Para entender um pouco melhor, de uma forma mais alto nível, [recomendo essa história em quadrinhos](https://hackernoon.com/intuitive-rl-intro-to-advantage-actor-critic-a2c-4ff545978752) (sim, existem historias em quadrinhos de RL)

Enxergando de outra forma, temos que o crítico é a função valor, medindo o quão boas são as ações tomadas, enquanto o ator é a função política, controlando as ações.

* Ator: $\pi(s, a, \theta)$
* Crítico: $\hat{q}(s, a, \omega)$


## Advantage

Uma das baselines que pode ser desenvolvida é a chamada vantagem, que é definida da seguinte forma:

$$A(s, a) = Q(s, a) - V(s)$$

Em resumo, a vantagem busca medir de forma *relativa* o valor de uma ação comparando com o valor médio das ações naquele estado. Se o valor da vantagem é positivo, levamos o nosso gradiente nesta direção.

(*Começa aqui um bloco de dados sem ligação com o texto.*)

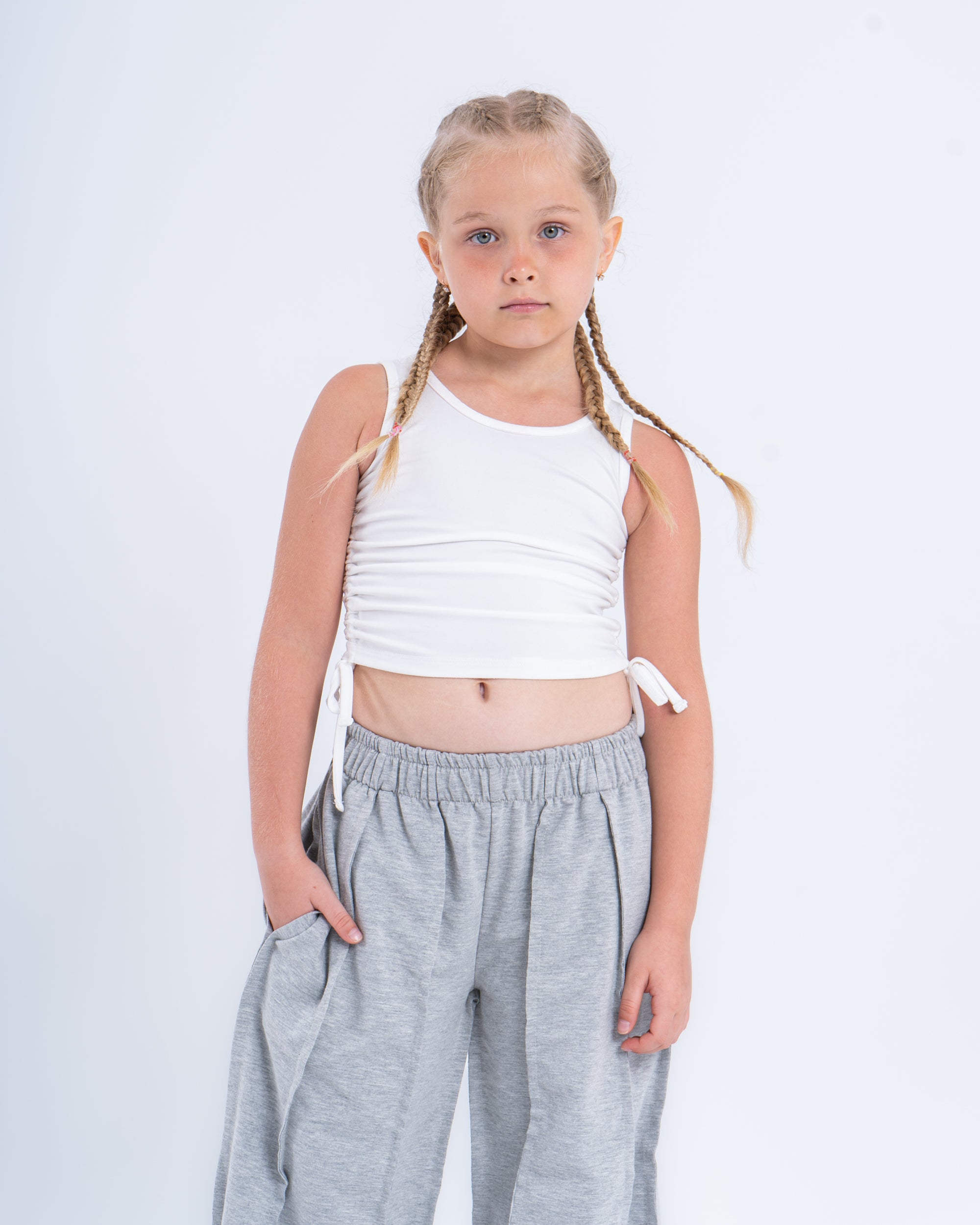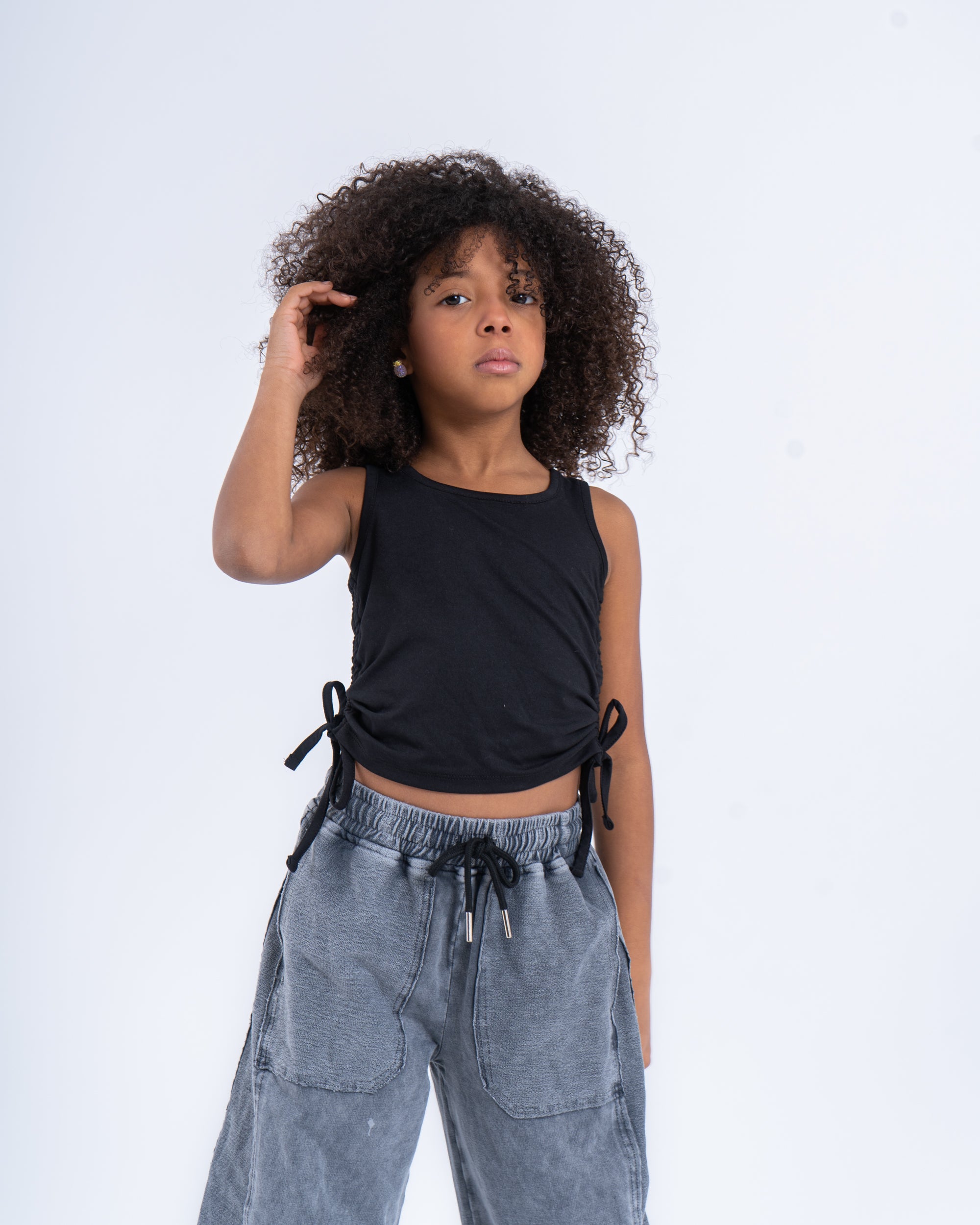 This drawstring crop top is a versatile piece that allows you to experiment with different looks, making it a fun and fashionable addition to any girl’s wardrobe.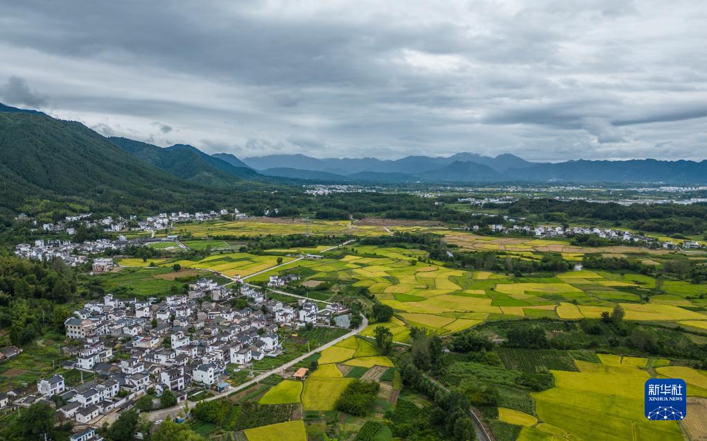 這是9月13日拍攝的黟縣碧陽鎮(zhèn)附近的水稻田和徽派民居(無人機(jī)照片)。

Uma das formas de estimar o valor de A(s, a) é usando o nosso velho amigo **bootstrapping**, onde podemos estimar o Q da seguinte forma:

$$Q(s,a) = r + \gamma V(s')$$

Reescrevendo a vantagem, temos:

$$A(s,a) = r + \gamma V(s') - V(s)$$

Com essa fórmula, precisamos estimar somente V e não Q. Existem outras formas de estimar a vantagem, como a [Generalized Advantage Estimation](https://arxiv.org/pdf/1506.02438.pdf)

Dessa forma, podemos estimar o gradiente do Advantage Actor-Critic pela seguinte equação:

$$\nabla_\theta J(\theta) \approx \sum_{t = 0}^{T-1}  \nabla_\theta log \pi_\theta(s,a)(r_{t+1} + \gamma V(s_{t+1}) - V(s_t))$$

### A3C vs A2C

O algoritmo inicial foi o A3C (Asynchronous Advantage Actor Critic), por meio de um paper da Deepmind ([Paper de A3C](https://arxiv.org/abs/1602.01783)). Segundo a OpenAI, a parte assíncrona do A3C não traz grande vantagem e é menos eficiente, por isso a ideia do A2C. Não tenho capacidade de entrar no mérito, então vou só pontuar as diferenças.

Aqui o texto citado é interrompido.